TASK MATERIAL START

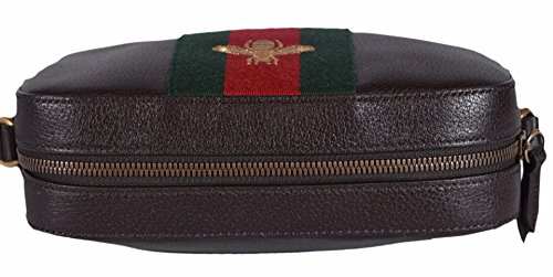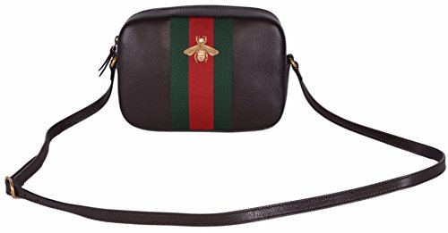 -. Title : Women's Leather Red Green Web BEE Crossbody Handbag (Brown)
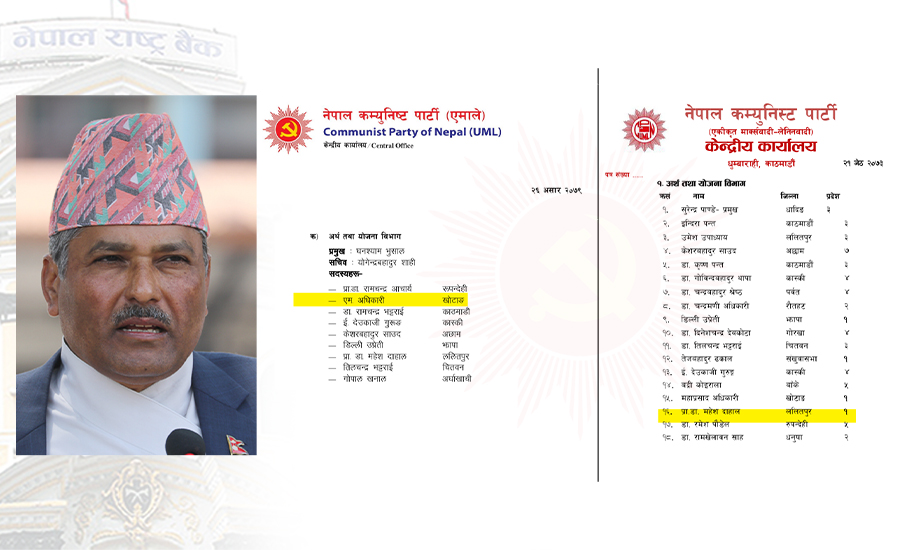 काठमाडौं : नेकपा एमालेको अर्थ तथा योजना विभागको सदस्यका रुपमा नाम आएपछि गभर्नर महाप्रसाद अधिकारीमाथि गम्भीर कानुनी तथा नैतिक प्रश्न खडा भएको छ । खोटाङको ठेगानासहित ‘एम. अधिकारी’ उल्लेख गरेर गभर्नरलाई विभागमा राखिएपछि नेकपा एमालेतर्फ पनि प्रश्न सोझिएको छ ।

TASK MATERIAL END
TASK MATERIAL START

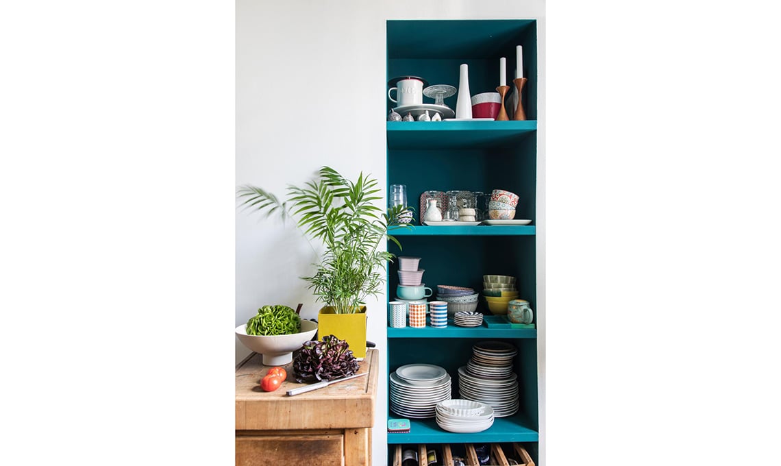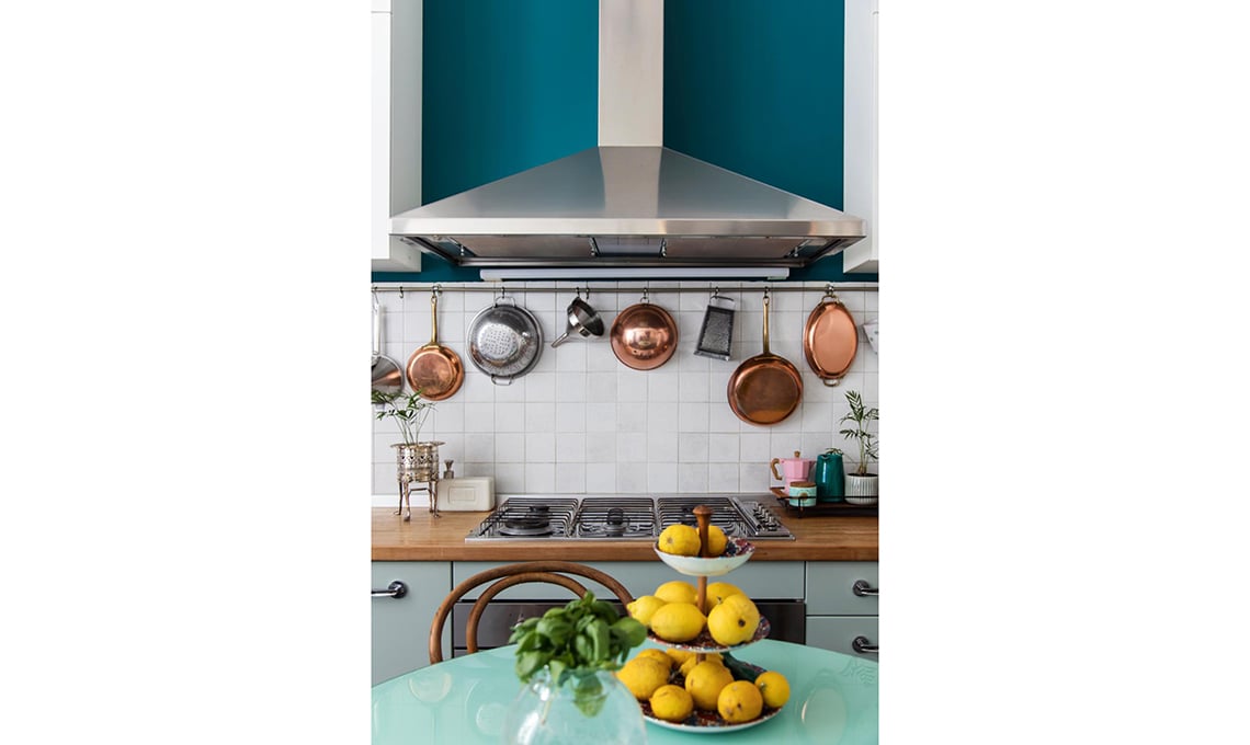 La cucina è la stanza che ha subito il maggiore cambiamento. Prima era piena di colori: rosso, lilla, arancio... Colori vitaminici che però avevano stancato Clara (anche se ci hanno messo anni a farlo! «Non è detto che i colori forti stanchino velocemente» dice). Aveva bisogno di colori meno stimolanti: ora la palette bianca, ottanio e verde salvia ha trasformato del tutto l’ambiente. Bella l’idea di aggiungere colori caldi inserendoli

TASK MATERIAL END

▶ AIM OF THE TASK
Restate the lines above from the one containing "-. Title : Women's" through the one containing "काठमाडौं : नेकपा", inclusive, exactly and without pictures.

▶ EXPECTED OUTPUT
 -. Title : Women's Leather Red Green Web BEE Crossbody Handbag (Brown)
 काठमाडौं : नेकपा एमालेको अर्थ तथा योजना विभागको सदस्यका रुपमा नाम आएपछि गभर्नर महाप्रसाद अधिकारीमाथि गम्भीर कानुनी तथा नैतिक प्रश्न खडा भएको छ । खोटाङको ठेगानासहित ‘एम. अधिकारी’ उल्लेख गरेर गभर्नरलाई विभागमा राखिएपछि नेकपा एमालेतर्फ पनि प्रश्न सोझिएको छ ।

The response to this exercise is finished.